** WHAT YOU SHOULD DO **
Would you retype exactly the lines below, starting with the one that has "The flatness of" and going on through the one that has "豆腐、口菇、虾、葱姜片、水淀粉、油、生抽、盐。", with no pictures and nothing else?

──────────

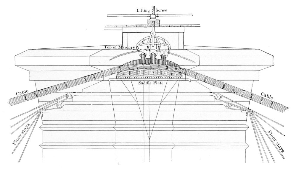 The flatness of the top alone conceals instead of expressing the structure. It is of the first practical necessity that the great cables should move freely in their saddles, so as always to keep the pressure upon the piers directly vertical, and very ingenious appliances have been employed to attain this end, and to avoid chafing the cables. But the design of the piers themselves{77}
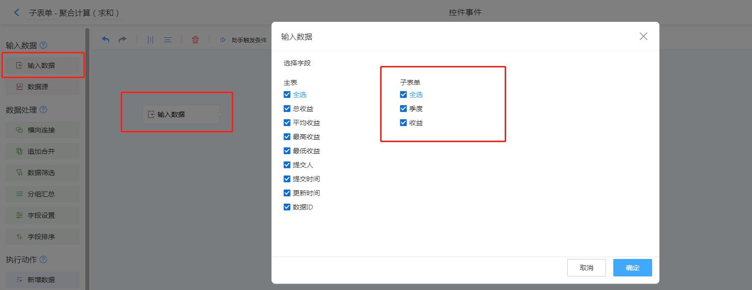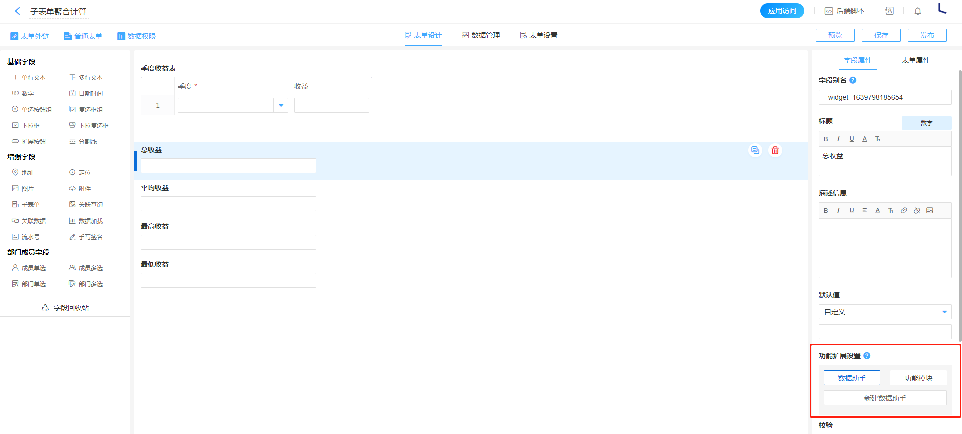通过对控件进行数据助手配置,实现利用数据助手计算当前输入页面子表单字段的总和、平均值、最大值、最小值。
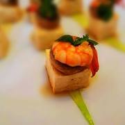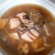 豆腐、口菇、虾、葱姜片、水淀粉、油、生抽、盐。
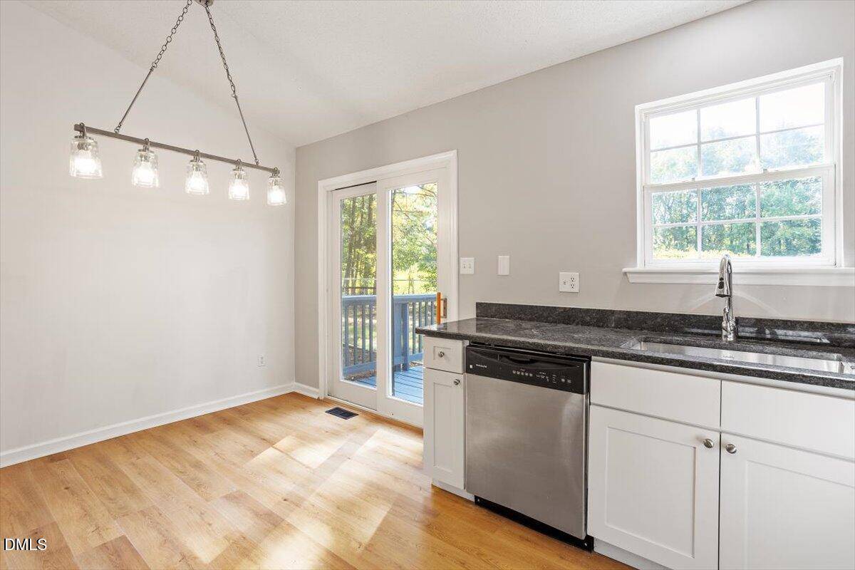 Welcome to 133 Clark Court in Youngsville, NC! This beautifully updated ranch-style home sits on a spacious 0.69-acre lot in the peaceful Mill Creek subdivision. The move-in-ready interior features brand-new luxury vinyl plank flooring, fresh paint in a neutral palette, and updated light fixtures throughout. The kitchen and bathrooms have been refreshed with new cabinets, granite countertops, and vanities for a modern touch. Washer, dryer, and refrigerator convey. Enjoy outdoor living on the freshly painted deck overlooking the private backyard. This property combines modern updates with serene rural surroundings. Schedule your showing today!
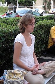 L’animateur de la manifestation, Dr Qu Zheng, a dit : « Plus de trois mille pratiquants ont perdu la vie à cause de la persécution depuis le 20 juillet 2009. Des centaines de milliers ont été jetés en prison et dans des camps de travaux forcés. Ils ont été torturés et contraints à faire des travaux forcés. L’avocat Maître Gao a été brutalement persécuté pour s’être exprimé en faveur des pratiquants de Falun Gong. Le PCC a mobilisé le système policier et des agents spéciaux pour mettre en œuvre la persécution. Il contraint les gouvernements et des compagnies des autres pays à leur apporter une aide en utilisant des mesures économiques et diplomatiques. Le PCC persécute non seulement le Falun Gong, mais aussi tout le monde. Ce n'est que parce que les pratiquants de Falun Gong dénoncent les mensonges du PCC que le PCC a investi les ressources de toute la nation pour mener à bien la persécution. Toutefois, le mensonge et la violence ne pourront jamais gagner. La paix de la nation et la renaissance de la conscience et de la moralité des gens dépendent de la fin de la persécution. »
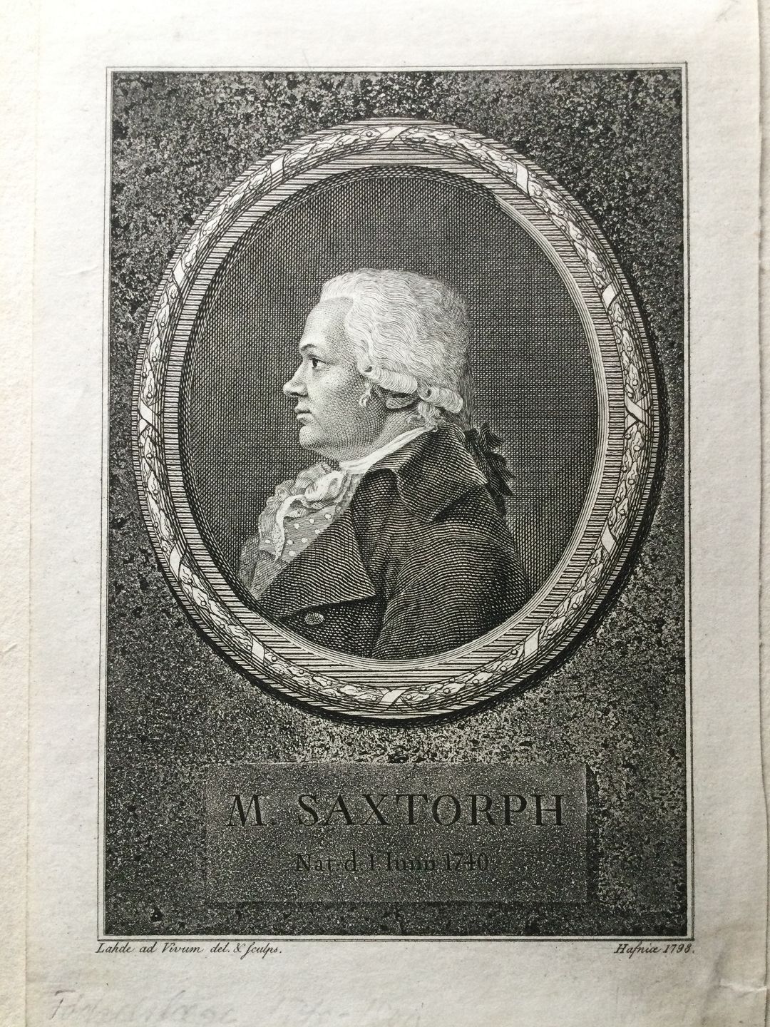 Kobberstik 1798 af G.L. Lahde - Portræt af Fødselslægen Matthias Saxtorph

──────────

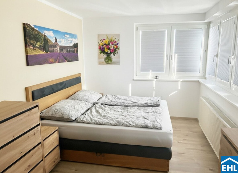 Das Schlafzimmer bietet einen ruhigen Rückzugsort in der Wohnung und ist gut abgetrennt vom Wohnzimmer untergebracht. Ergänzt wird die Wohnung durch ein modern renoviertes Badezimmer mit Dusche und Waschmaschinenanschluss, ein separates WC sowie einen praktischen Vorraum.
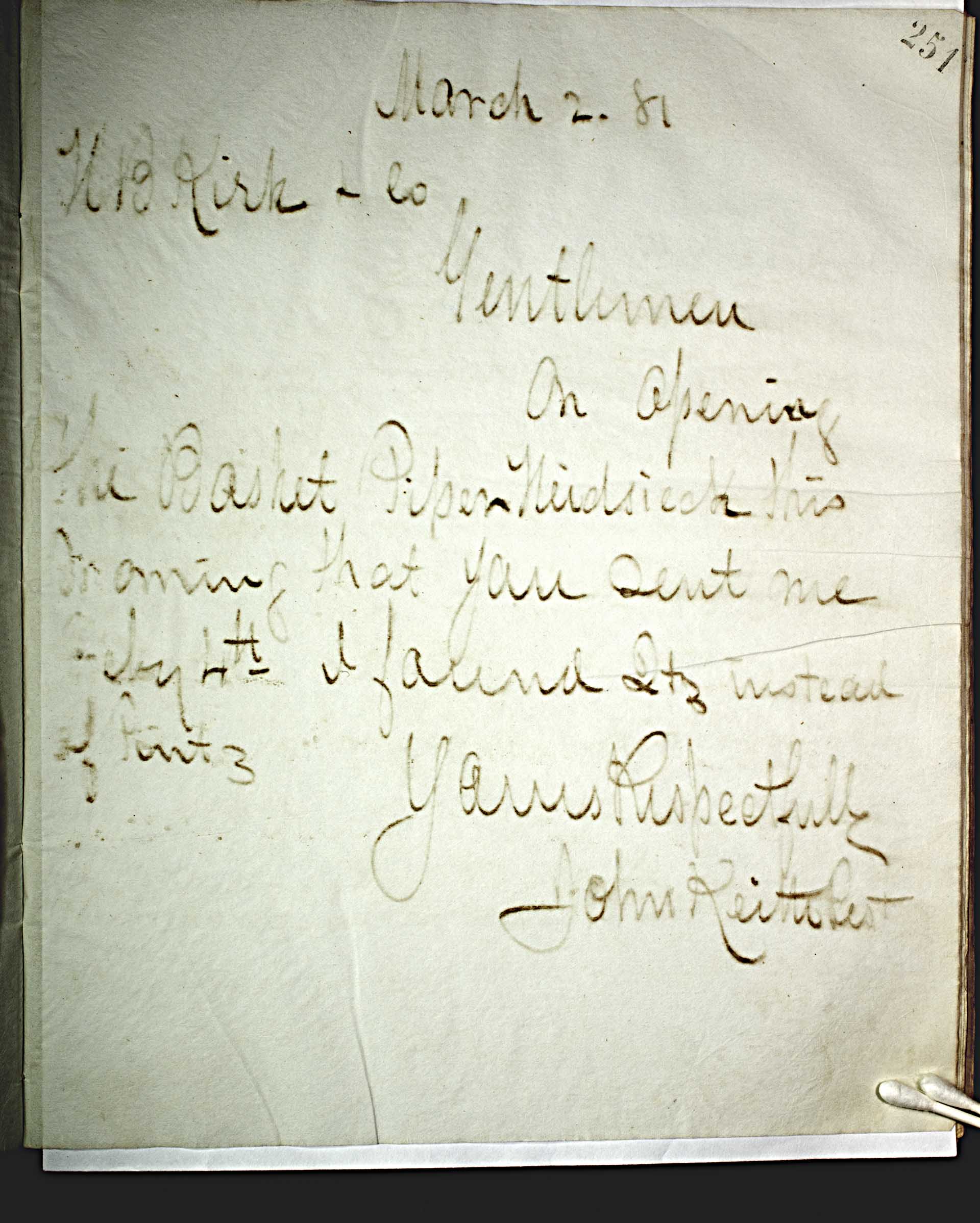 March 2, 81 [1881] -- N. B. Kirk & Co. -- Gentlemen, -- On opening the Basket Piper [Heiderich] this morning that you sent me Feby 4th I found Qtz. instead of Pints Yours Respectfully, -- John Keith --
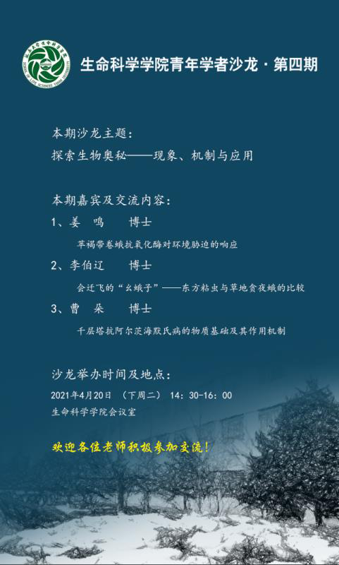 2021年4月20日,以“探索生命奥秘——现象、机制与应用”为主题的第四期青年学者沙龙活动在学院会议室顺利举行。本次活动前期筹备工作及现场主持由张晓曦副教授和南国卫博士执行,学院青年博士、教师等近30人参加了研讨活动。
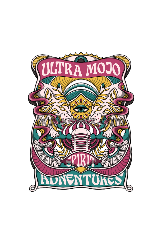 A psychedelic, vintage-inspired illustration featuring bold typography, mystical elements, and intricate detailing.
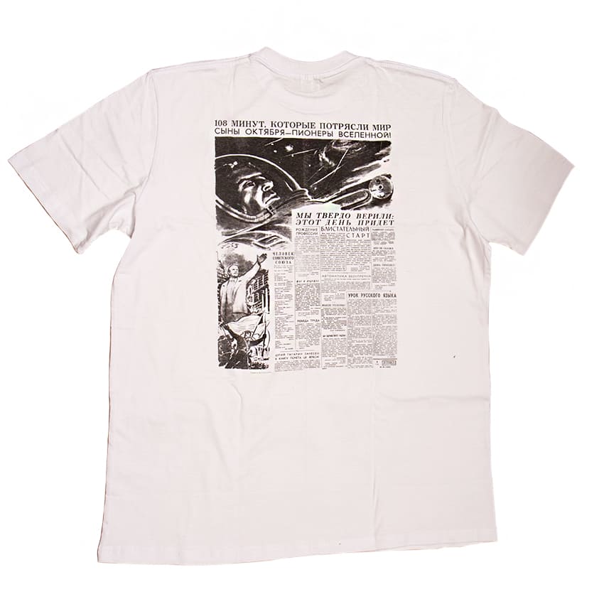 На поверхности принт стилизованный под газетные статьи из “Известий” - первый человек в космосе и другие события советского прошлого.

──────────

** EXPECTED ANSWER **
 The flatness of the top alone conceals instead of expressing the structure. It is of the first practical necessity that the great cables should move freely in their saddles, so as always to keep the pressure upon the piers directly vertical, and very ingenious appliances have been employed to attain this end, and to avoid chafing the cables. But the design of the piers themselves{77}
通过对控件进行数据助手配置,实现利用数据助手计算当前输入页面子表单字段的总和、平均值、最大值、最小值。
 豆腐、口菇、虾、葱姜片、水淀粉、油、生抽、盐。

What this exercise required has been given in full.